The map from our archives hung up in the department each week will now also be posted here– this 1898 map from the U.S. Department of the Interior and USGS (potentially republished in National Geographic) shows gold and coal deposits in Alaska. Aside from the chosen geologic elements, note the steamer, postage, and trail routes, the international boundaries, the military reservation, and the densely labelled port cities.

A few key dates might help to put this map in context: according to the U.S. Department of State Office of the Historian, Russia first offered to sell Alaska to the US in 1859, but the sale did not go through until President Andrew Johnson signed the purchase treaty in 1867, after the Civil War had officially ended. You may remember learning about this purchase being called “Seward’s Folly”, as it was popularly seen as a miss-step until Alaska became a strategically important territory due to natural resources. The historian notes that the U.S. imposed a civil government in Alaska in 1884, supposedly to enforce U.S. mining laws.
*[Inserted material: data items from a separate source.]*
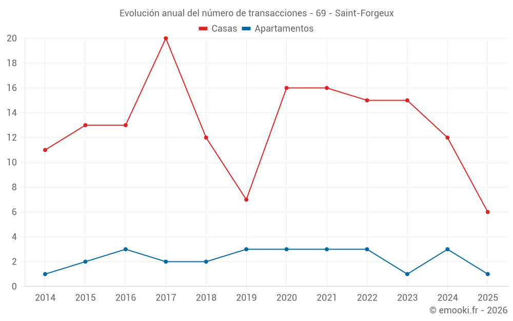 El precio mediano en las 27 transacciones de casas de los últimos 24 meses en la comuna de Saint-Forgeux fue de 2 349 € por metro cuadrado para un valor patrimonial medio de 257 000 €. Durante este período el 60% de las transacciones estuvieron entre 1 655 y 3 154 € por metro cuadrado (del 2º al 8º decil).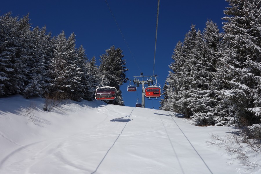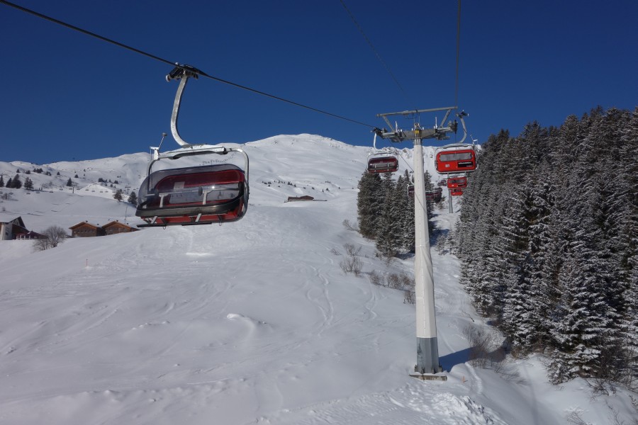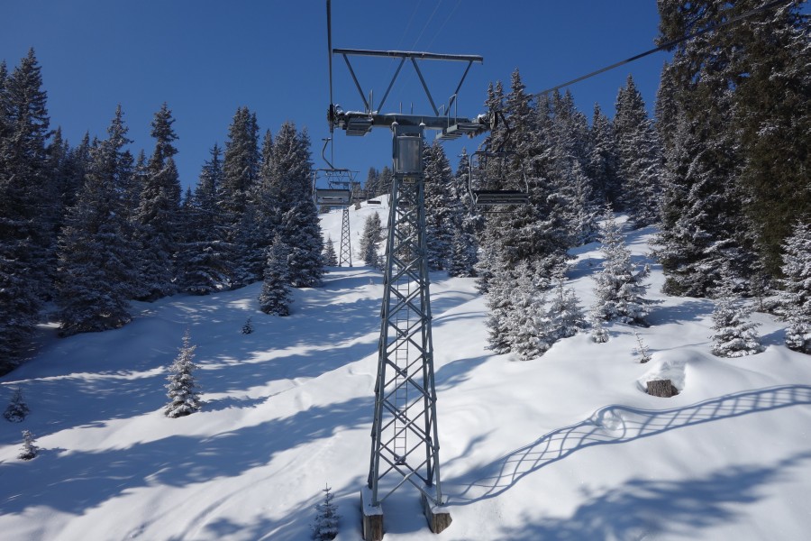 Unterwegs in der Sesselbahn Rungg-Stätzertäli von Leitner, März 2013
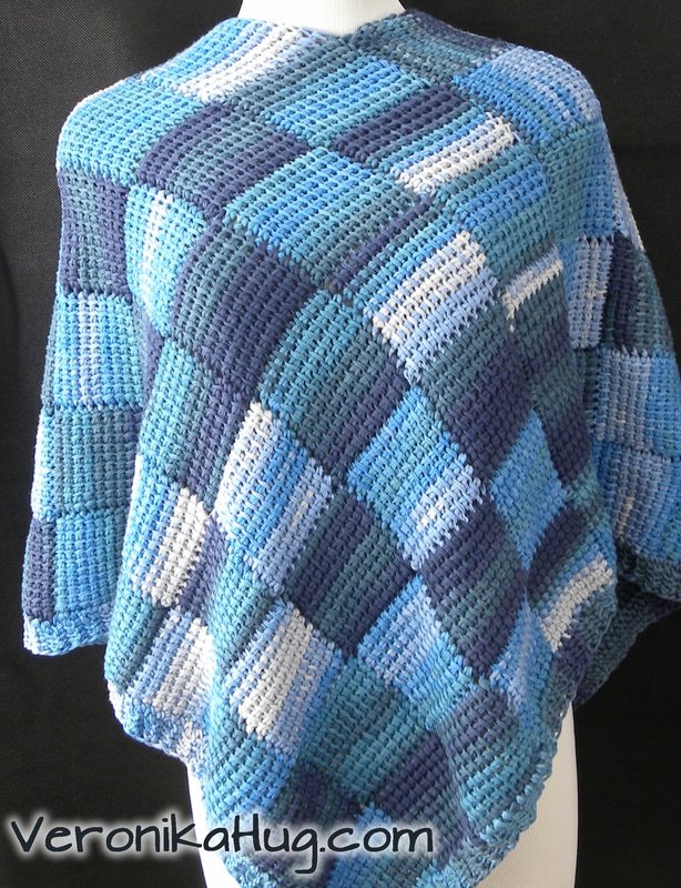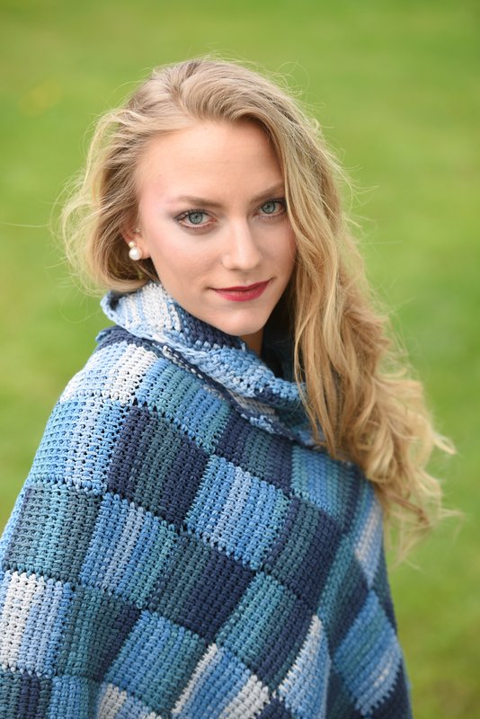 Material : Woolly Hugs BANDY (100% Baumwolle, Lauflänge ca. 210 m/100 g) von L&K (www.Pro-Lana.de): 500 (600) g Blau color (Farbe 12) Tunesische Häkelnadel Nr. 6 – 7 von ADDI.

Alaska became a state in 1959.

In light of the geologic elements of the map, what depositional environments lead to the buildup of coal and gold, and what is their temporal relationship to each other? What made them important commodities at this time, as opposed to oil, which became a key commodity in the next century?

This map’s chosen combination of geologic and infrastructural features is telling; the attention to detail in listing port cities and transportation routes is reminiscent of other colonial maps concerned with extracting commodities. What is the relationship between these processes and human migration? How does this map erase indigenous life and history, and how can it be used to trace a history of dispossession?